I think you would have much less trouble using some xslt tool, but you can do it with sed, awk or an extended version of grep pcregrep, which is capable of multiline pattern (-M).



回答3:

I'd suggest to fold input so openning and closing tags are on the same line, then check the line against the pattern. An idiomatic approach using sed(1):

sed '/<[Aa][^A-Za-z]/{ :A
     /<\/[Aa]>/ bD
     N
     bA
     :D
     /\n/ s// /g
}
# now try your pattern
/<[Aa][^A-Za-z] href="xxx"[^>]*>[^<]*something here[^<]*<\/[Aa]>/ !d'


回答4:

This is probably a repeat question: Grep search strings with line breaks

You can try it with tr '\n' ' 'command as was explained in one of the answers, if all you need is to find the files and not the line numbers.



回答5:

Consider egrep -3 '(<a|</a>)'

"-3" prints up to 3 surrounding lines around each regex match (3 lines before and 3 lines after the match). You can use -1 or -2 as well if that works better.



回答6:

perl -e '$_=join("", <>); m#<a.*?>.*?<.*?/a>#s; print "$&\n";'

So the trick here is that the entire input is read into $_. Then a standard /.../ regex is run. I used the alternate syntax m#...# so that I do not have to backslash "/"s which are used in xml. Finally the "s" postfix makes multiline matches work by making "." also match newlines (note also option "m" which changes the meaning of ^ and $). "$&" is the matched string. It is the result you are looking for. If you want just the inner-text, you can put round brackets around that part and print $1.

I am assuming that you meant </a> rather than /a> as an xml closing delimiter.

Note the .*? is a non-greedy version of .* so for <a>1</a><a>2</a>, it only matches <a>1</a>.

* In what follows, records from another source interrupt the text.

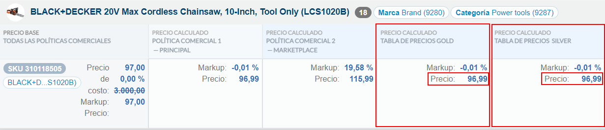 Después de crear sus tablas de precio, puede ver el precio de cada producto de la tienda separado por tabla de precio, al igual que sucede con las políticas comerciales.
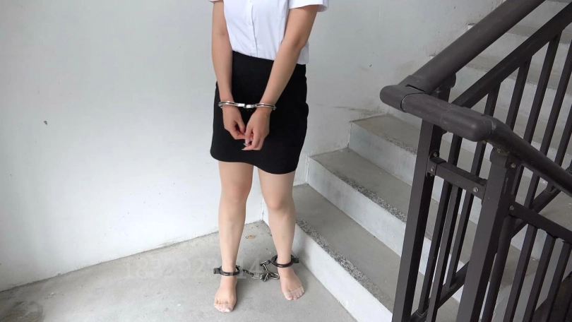 【子衿】小雅职业装肉丝镣铐楼道聊天
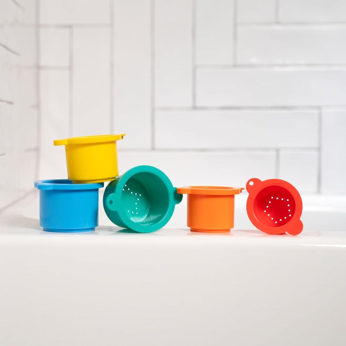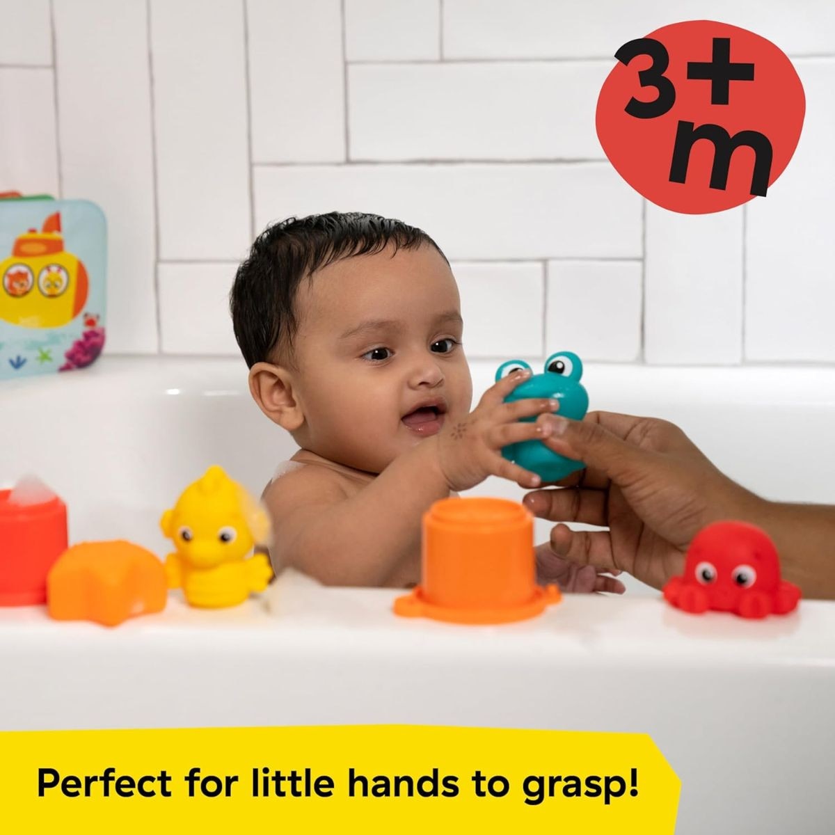 This set also encourages hands-on exploration with uniquely designed stacking cups and floating toys. The five perforated cups allow babies to fill, stream, and pour water in different shapes, teaching them about patterns and early problem-solving skills. Additionally, babies can stack and nest the cups to build small towers, enhancing their reasoning and fine motor skills. The five floating sea creature toys, including a crab, seahorse, starfish, sea turtle, and octopus, help introduce ocean animals and colors, making bath time an engaging learning experience.
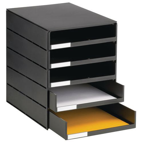 Duurzame opbergmodule met 5 laden Styroval Pro Eco met geringe buitenafmetingen (243 mm breed). Geschikt voor kasten en legplanken. Leverbaar met schuifladen, open of goed afgesloten, voor het opbergen van documenten tot C4-formaat. Styroval Pro Eco is een opbergsysteem waarvan de buitenafmetingen slechts weinig groter zijn dan het binnenvolume van de laden. Het maakt optimaal gebruik van de beschikbare ruimte Styroval is onmisbaar overal waar ruimte schaars is.
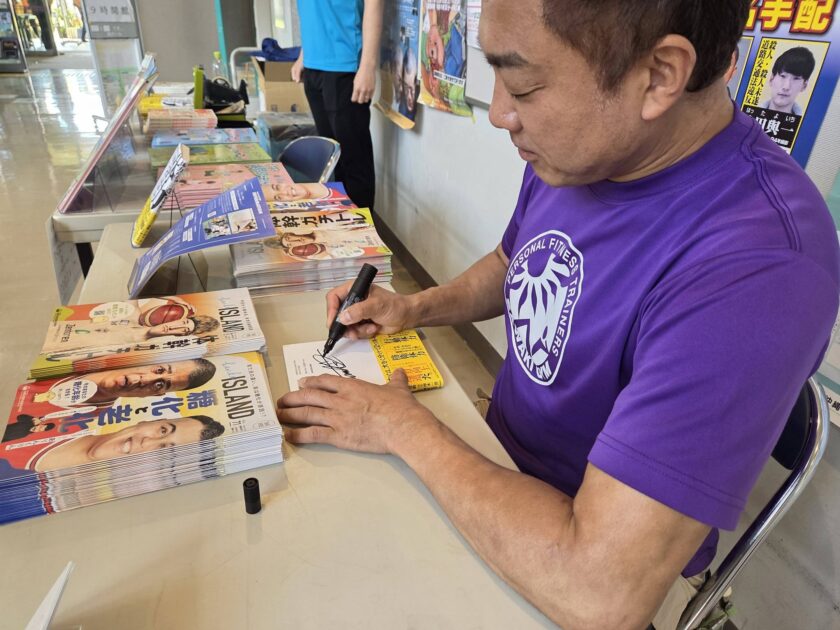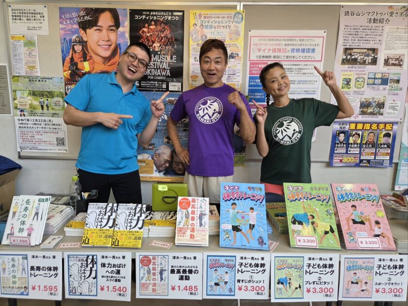 講演イベントの前後には、大城書店様が、澤木一貴の本の販売ブースを設置してくださり、『体力おばけへの道』をはじめ、6種類の本を販売してくださいました。購入された方にはもちろん澤木のサイン入りで。
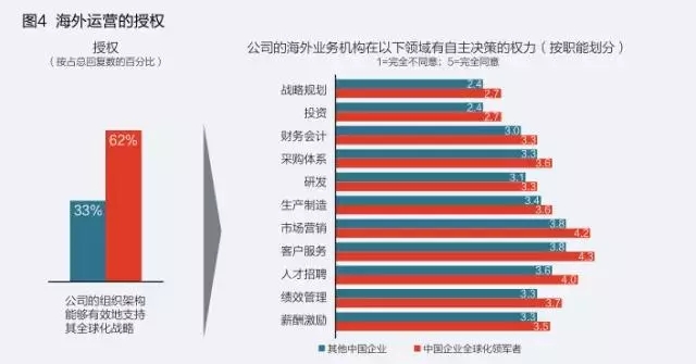 在授权海外业务从而为全球化战略提供支持方面,领军者做得更为出色:近三分之二的领军者认可“企业的组织架构能够为全球化战略提供有效的支持”,相比之下,其他的中国全球化企业认可这一表述的比例不足三分之一。我们对这两类企业的调研结果显示,海外业务的客户服务、市场营销、人才招聘等职能部门有更多的自主决策的权力(见图4) 在这些领域中,当地知识对于成功而言至关重要。
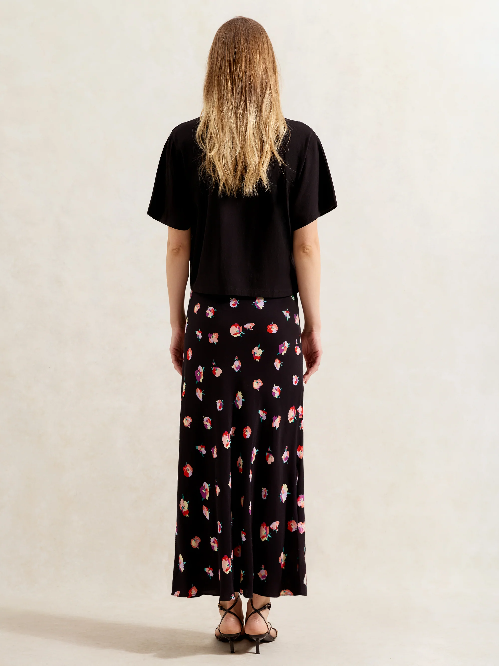 Petite Multi Pansy Print Shirred Cuff Midi Dress
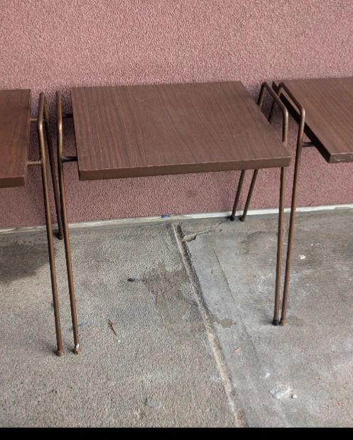 Selling a set of three vintage nesting tables. They have a unique design and are perfect for adding a retro touch to your living space. The tables are in good condition and ready to be used in your home!
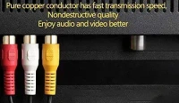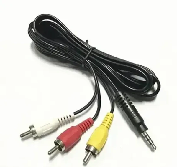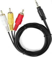 High-quality AV cable with 3.5 mm TRS 3-Pole Plug to 3 RCA Male connectors for seamless audio and video transmission. Ideal for connecting TVs, amplifiers, speakers, and digital audio-visual equipment.
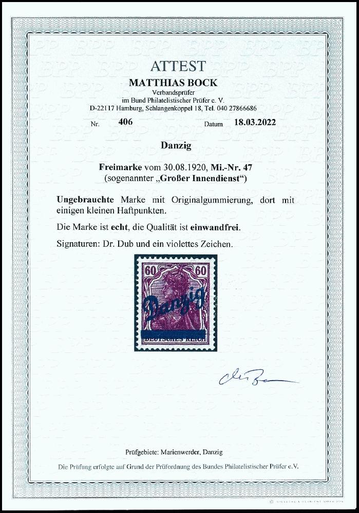 | Prüfer: | Bock, Matthias (BPP (Bund Philatelistischer Prüfer)) |
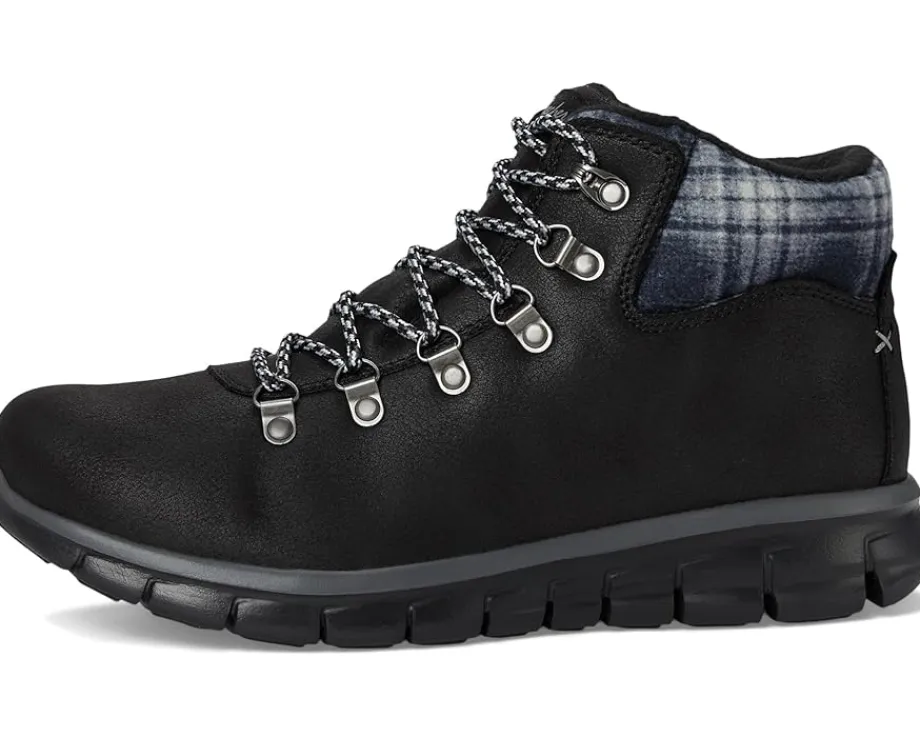 - Chilly weather style meets sporty comfort in the SKECHERS® Synergy – Plaid Mood. This lace-up hiker style boot features a water-repellent microleather fabric upper with a plaid knit trim, faux fur lining, cushioned Warm Tech Memory Foam insole, and a slip-resistant rubber traction outsole.

Note that nested nodes may cause problems eg <a><a></a></a>. This is the same as when trying to match nested brackets "(", ")" or "{", "}". This is a more interesting problem. Regex's are normally stateless so they do not by themselves support keeping an unlimited bracket-nesting-depth. When programming parsers, you normally use regex's for low-level string matching and use something else for higher level parsing of tokens eg bison. There are bison grammars for many languages and probably for xml. xslt might even be better but I am not familiar with it. But for a very simple use case, you can also handle nested blocks like this in perl:

Nested bracket-handling code: (this could be easily adapted to handle nested xml blocks)

$_ = "a{b{c}e}f";

my($level)=(1);
s/.*?({|})/$1/; # throw away everything before first match
while(/{|}/g) {
   if($& eq "{") {
      ++$level;
   } elsif($& eq "}") {
      --$level;
      if($level == 1) {
         print "Result: ".$`.$&."\n";
         $_=$'; # reset searchspace to after the match
         last;
      }
   }
}

Result: {b{c}e}